REQUIRED WORK
Go to the line that contains "Falcon Wheels T7" in the listing below, then output it and every line after it exactly, omitting pictures.

[Opening AVAILABLE DATA section]

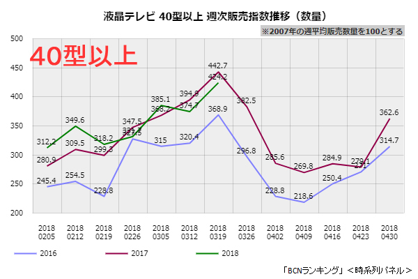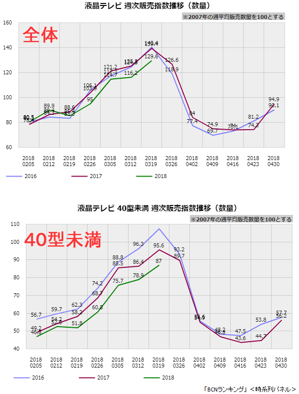 2月から4月上旬までの春商戦で、例年、最も販売台数が跳ね上がるピークの時期は、祝日が通常より1日多い3月第3週。今年の場合、3月19日~25日にあたる。「BCNランキング」をもとに、過去3年間の3月第3週の販売台数指数(2007年の同カテゴリの週平均販売数量を「100」とした指数)をみると、18年は「129.6」、17年は「139.4」、16年は「140.9」だった。40型未満に限ると、18年は「87.0」にとどまり、3年前との落差はより大きい。
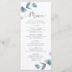 Simple Minimalist Eucalyptus Frame Script Wedding Dinner Reception 4 Course Meal Menu Cards. Perfect for your spring or summer garden or outdoor themed wedding theme. In a soft subtle muted colour palette of teal aqua greens, pastel mint, dusty blue greys, and simple classic white. The elegant script calligraphy font is a featured for the word Menu. This design is perfect for a farmhouse, country, or garden wedding. Simple Eucalyptus Menus are easy to customise with this template for your DIY and affordable wedding stationery.
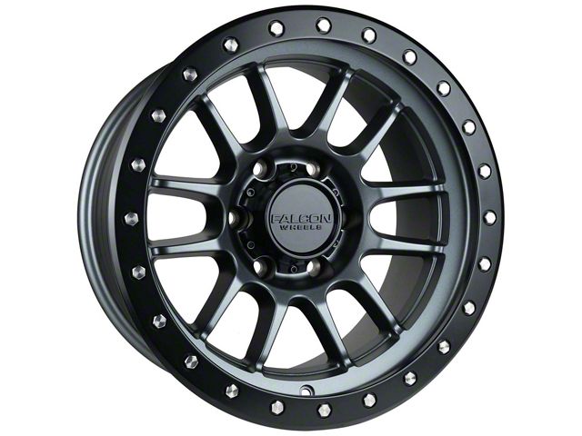 Falcon Wheels T7 Series Matte Gunmetal with Matte Black Ring 6-Lug Wheel; 17x9; -12mm Offset - Enhance your vehicle's style with the Falcon Wheels wheel. This wheel's distinctive design and finish complement your vehicle's aesthetics, making a bold statement. It's crafted to accentuate the unique character of your car, emphasizing a premium and robust appeal.
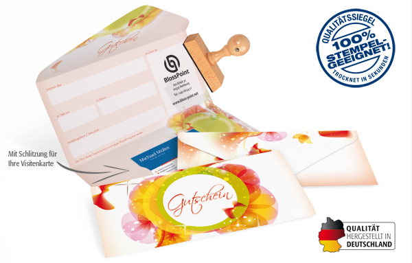 - in Kuvert-Faltform mit Schlitzung für Ihre Visitenkarte
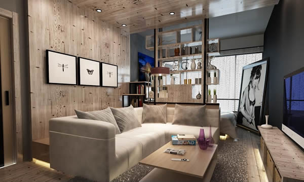 在规划好各个功能区后,不喜欢完全开放的朋友就要考虑隔断的使用。非loft可使用一个展示柜将会客区与休息区隔断开来,这样避免客人一来就看到了床铺,很好的保护了隐私空间。

[Closing AVAILABLE DATA section]

ANSWER SPACE
 Falcon Wheels T7 Series Matte Gunmetal with Matte Black Ring 6-Lug Wheel; 17x9; -12mm Offset - Enhance your vehicle's style with the Falcon Wheels wheel. This wheel's distinctive design and finish complement your vehicle's aesthetics, making a bold statement. It's crafted to accentuate the unique character of your car, emphasizing a premium and robust appeal.
 - in Kuvert-Faltform mit Schlitzung für Ihre Visitenkarte
 在规划好各个功能区后,不喜欢完全开放的朋友就要考虑隔断的使用。非loft可使用一个展示柜将会客区与休息区隔断开来,这样避免客人一来就看到了床铺,很好的保护了隐私空间。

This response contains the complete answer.